• **TASK BRIEF**:
Quote the records that follow in full, leaving the pictures out.

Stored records
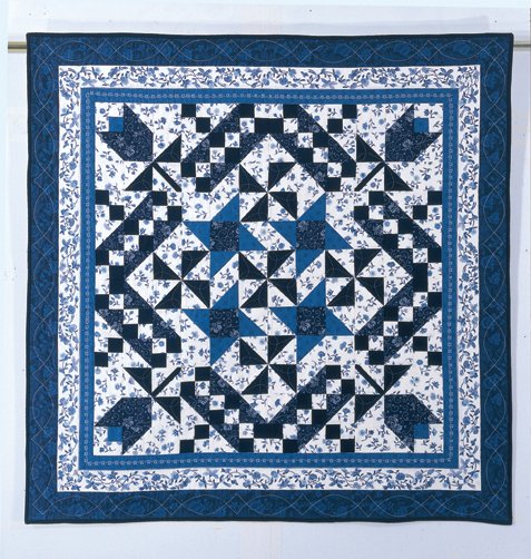 KEINMO ICE Train to Amsterdam - This quilt is made entirely of Dutch Reproduction fabrics from Den Haan and Wagenmakers, Amsterdam the Netherlands. It is comprised of three simple, nine patch blocks. When the blocks are set together, a dramatic overall design emerges. I think it captures the look of Delft blue china perfectly.
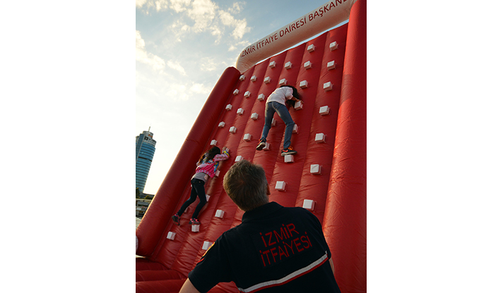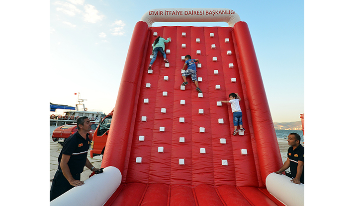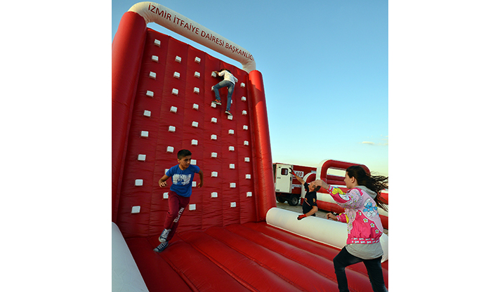 İzmir Büyükşehir Belediyesi tarafından hazırlanan İtfaiye Haftası etkinlik programının ilk durağı, İnciraltı Demokrasi Meydanı oldu. Çocuklar, itfaiyeci abla ve ağabeyleri tarafından kurulan oyun parkurlarında hem eğlendi hem öğrendi.“İtfaiye Haftası” İzmir’de coşku ve heyecanla kutlanıyor. İzmir Büyükşehir Belediyesi, 26 Eylül–2 Ekim tarihleri arasındaki hafta kapsamında, kent genelinde etkin bir program hazırladı. İnciraltı Demokrasi Meydanı’nda İzmir İtfaiyesi’nin çocuklar için hazırladığı oyun parkurları ilgi odağı oldu. Şişme tırmanma-dağcılık duvarı, kaydıraklı itfaiye arasözü çocuklar tarafından büyük ilgi gördü. İtfaiye şeflerinin kontrolleri eşliğinde parkurların keyfini çıkaran çocuklar, doyasıya eğlenip heyecanı en üst seviyede hissetti.
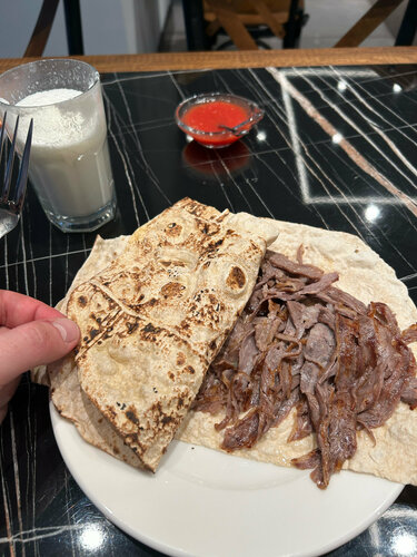 Шикарное место где: 1. Идеальное мясо на огне, как по качеству, так и по прожарке 2. Свой аппарат по изготовлению айрана. По текстуре просто как сливки 3. Чай как комплимент 4. Обращение по имени 5. Самые расторопные официанты, что я видел в Алматы 6. Цена полностью соответсвуюет качеству, нет оверпрайса, свойственного таким местам
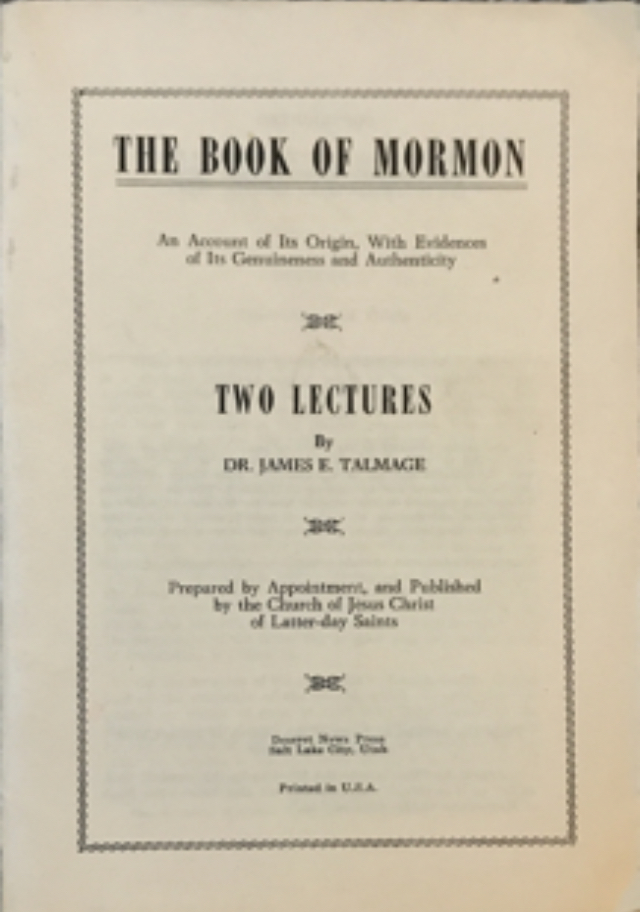 Dr. James E. Talmage ~ The Book of Mormon (no date)
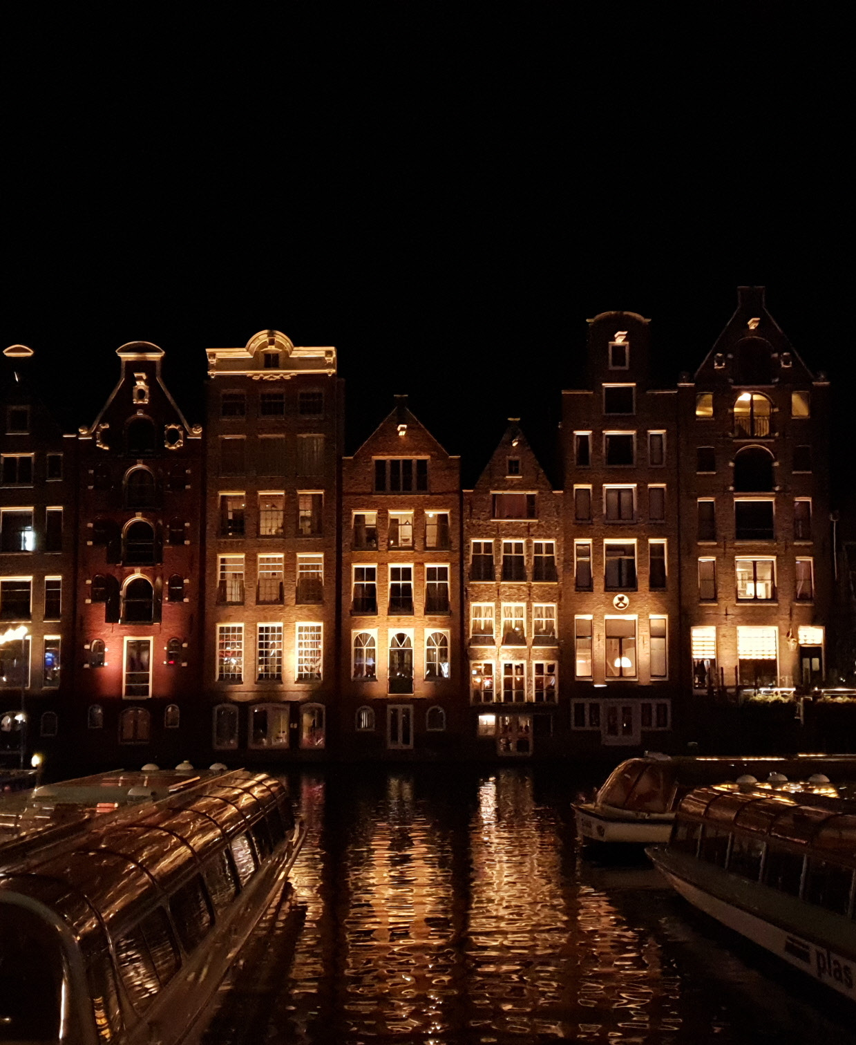한 시간 남짓 홍등가, 네덜란드 현지어로는 De Wallen 거리를 둘러보고 다시 오후에 갔던 중심가로 향했다. 밤에 보는 역과 궁전, 광장은 줄어든 사람들로 휑했다. 저녁까지의 열기에 찬 북적거림과 더욱 대비되어서일까, 운하 수면 위로 비치는 오랜 집들의 조명은 낭만적이기보단 공포 영화의 프리퀄에 가까웠다.

• **EXERCISE RESULT**:
 KEINMO ICE Train to Amsterdam - This quilt is made entirely of Dutch Reproduction fabrics from Den Haan and Wagenmakers, Amsterdam the Netherlands. It is comprised of three simple, nine patch blocks. When the blocks are set together, a dramatic overall design emerges. I think it captures the look of Delft blue china perfectly.
 İzmir Büyükşehir Belediyesi tarafından hazırlanan İtfaiye Haftası etkinlik programının ilk durağı, İnciraltı Demokrasi Meydanı oldu. Çocuklar, itfaiyeci abla ve ağabeyleri tarafından kurulan oyun parkurlarında hem eğlendi hem öğrendi.“İtfaiye Haftası” İzmir’de coşku ve heyecanla kutlanıyor. İzmir Büyükşehir Belediyesi, 26 Eylül–2 Ekim tarihleri arasındaki hafta kapsamında, kent genelinde etkin bir program hazırladı. İnciraltı Demokrasi Meydanı’nda İzmir İtfaiyesi’nin çocuklar için hazırladığı oyun parkurları ilgi odağı oldu. Şişme tırmanma-dağcılık duvarı, kaydıraklı itfaiye arasözü çocuklar tarafından büyük ilgi gördü. İtfaiye şeflerinin kontrolleri eşliğinde parkurların keyfini çıkaran çocuklar, doyasıya eğlenip heyecanı en üst seviyede hissetti.
 Шикарное место где: 1. Идеальное мясо на огне, как по качеству, так и по прожарке 2. Свой аппарат по изготовлению айрана. По текстуре просто как сливки 3. Чай как комплимент 4. Обращение по имени 5. Самые расторопные официанты, что я видел в Алматы 6. Цена полностью соответсвуюет качеству, нет оверпрайса, свойственного таким местам
 Dr. James E. Talmage ~ The Book of Mormon (no date)
한 시간 남짓 홍등가, 네덜란드 현지어로는 De Wallen 거리를 둘러보고 다시 오후에 갔던 중심가로 향했다. 밤에 보는 역과 궁전, 광장은 줄어든 사람들로 휑했다. 저녁까지의 열기에 찬 북적거림과 더욱 대비되어서일까, 운하 수면 위로 비치는 오랜 집들의 조명은 낭만적이기보단 공포 영화의 프리퀄에 가까웠다.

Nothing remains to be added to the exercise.